Heads in the game | MIT Technology Review
Heads in the game | MIT Technology Review
https://www.technologyreview.com/2026/06/23/1138214/heads-in-the-game/
Publish Date: 2026-06-23 17:00:00
Source Domain: www.technologyreview.com
The MIT Sports Lab’s origin story begins around 2010, when Anette “Peko” Hosoi, the Pappalardo Professor of Mechanical Engineering, fell in love with downhill mountain biking and needed a new bike. But given the varying linkage systems, shock types, and geometries, she found it difficult to choose the best one. Encountering only minimal information online, she assigned the analysis to her 2.001 class, the introductory course on mechanics. “All of my exams that semester were bike questions,” she says. They proved to be really good engineering questions too.
Having recently earned tenure, she wondered, What if I actually built this sports thing into something bigger? In 2011, she began conceptualizing a project called STE@M (Sports Technology and Education at MIT), which would assemble students, faculty, athletes, and industry partners to tackle sports engineering challenges. As the effort kicked into gear over the next few years, Hosoi began collaborating with Christina Chase, MIT’s new entrepreneur in residence, and in 2015 the two of them cofounded the MIT Sports Lab.
Mechanical engineering professor Anette “Peko” Hosoi assigned bike engineering challenges to her students when she needed a better mountain bike. In 2015, she cofounded the MIT Sports Lab with entrepreneur and MechE lecturer Christina Chase.
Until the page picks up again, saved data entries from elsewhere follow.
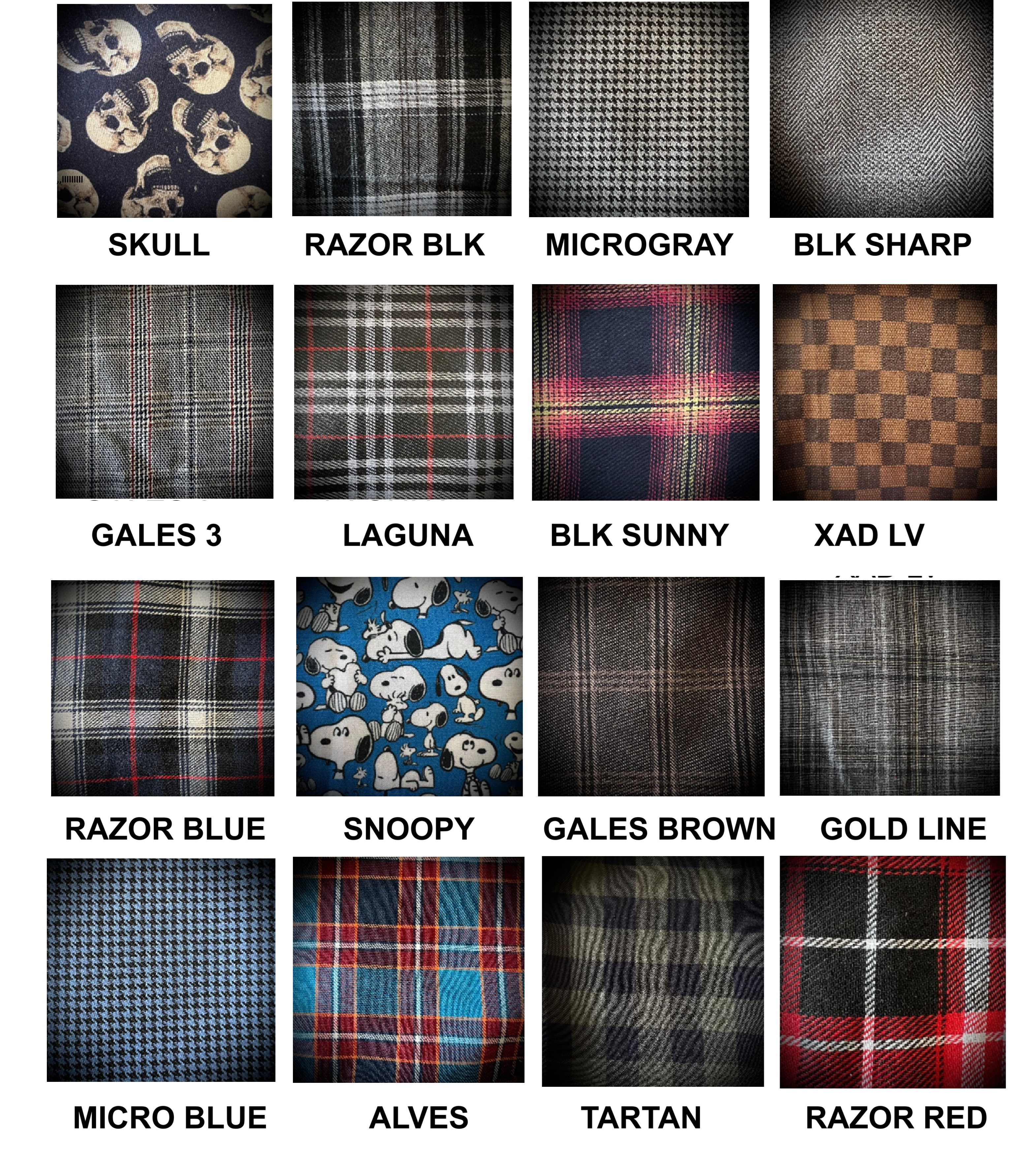 Nossos desenhos vão desde padrões em xadrez, figuras geométricas, cores sólidas básicas ou até personagens.
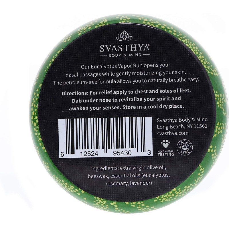 Svasthya Body & Mind Eucalyptus Vapor Rub - Opens Nasal Passages & Moisturizes The Skin, Cough, Stuffy Nose & Congestion Relief, Olive Oil, Beeswax, Lavender, Rosemary - Made in The USA, 2oz
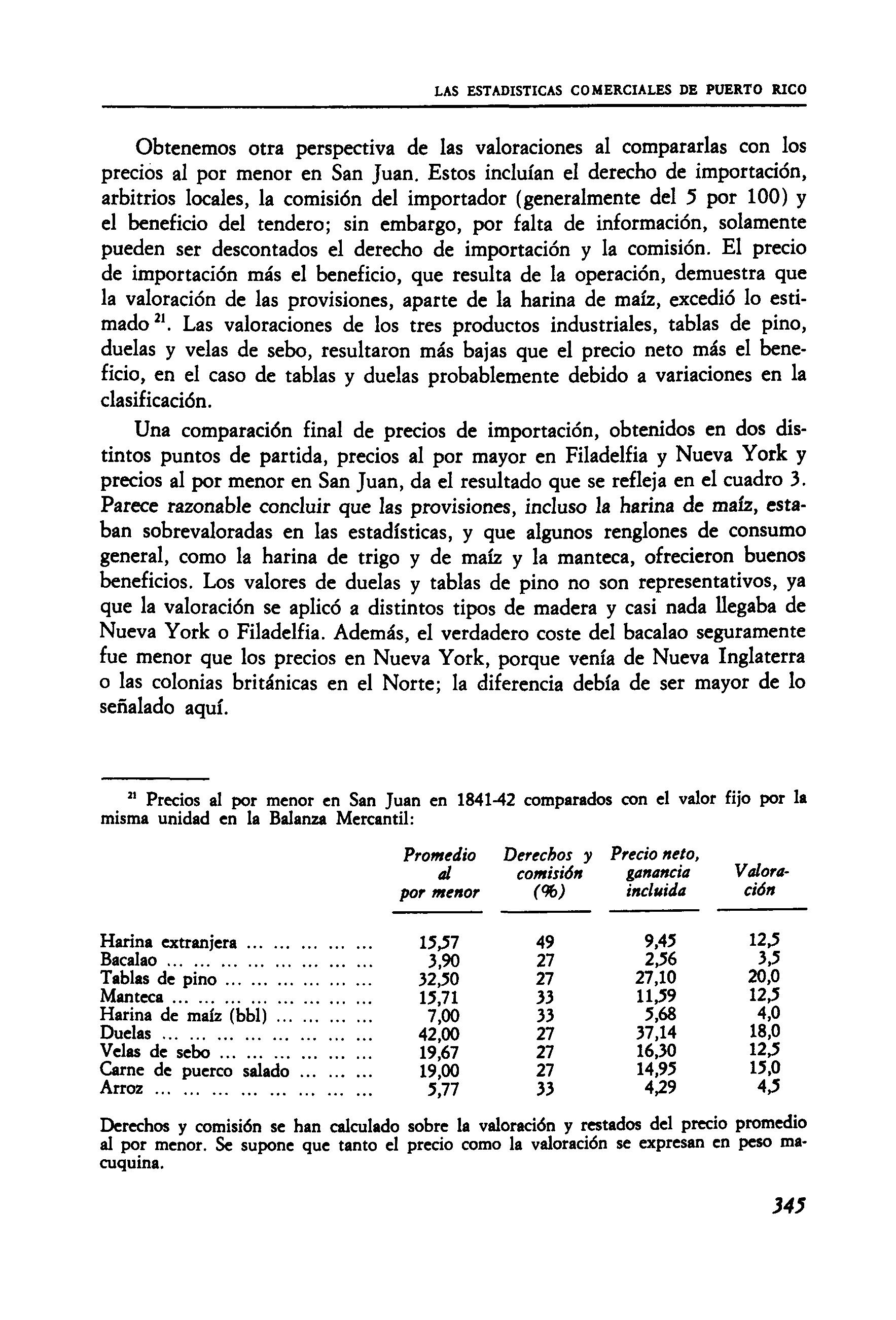 Los métodos de clasificación y valoración siempre han sido objeto de controversia en la formación e interpretación de estadísucas comerciales. Los sistemas varían de un país a otro, aun entre España peninsular y sus colonias. En Puerto Rico, la clasificación correspondía a las partidas del arancel hasta 1860, agrupadas según hemos indicado Quiere decir que de 1843 en adelante las listas de importación son muy detalladas. El arancel de 1835 comprendió 2.599 partidas de importación y 103 de exportación; para 1857 eran 3.754 y 80, respectivamente, y un apéndice extraoficial de otras 563 partidas de importación se había añadido para 1864' En la Balanza Mercantil la lista de importaciones crecía al paso de que la variedad de artículos importados aumentaba; en 1845 hubo 530; en 1856, 710, y en 1860, 853 artículos. El grupo de «otros artículos» había aumentado a 331, comparado a 168 de víveres y 354 de manufacturas; la clasificación introducida por Del VaUe en 1838 había perdido su significado.

COURTESY OF MIT MECHANICAL ENGINEERING
“It turned out that we’re the perfect combination for this because my background comes from the math, physics, engineering side,” says Hosoi. “And she comes from the entrepreneurship [and] product development side. To really interface with these different sports companies and leagues, you need to span that whole spectrum.” Chase became the lab’s managing director and Hosoi its faculty director.
For over a decade, the Sports Lab has grown as interest in sports tech has skyrocketed—and it’s accumulated what younger fans would call some elite ball knowledge in the process.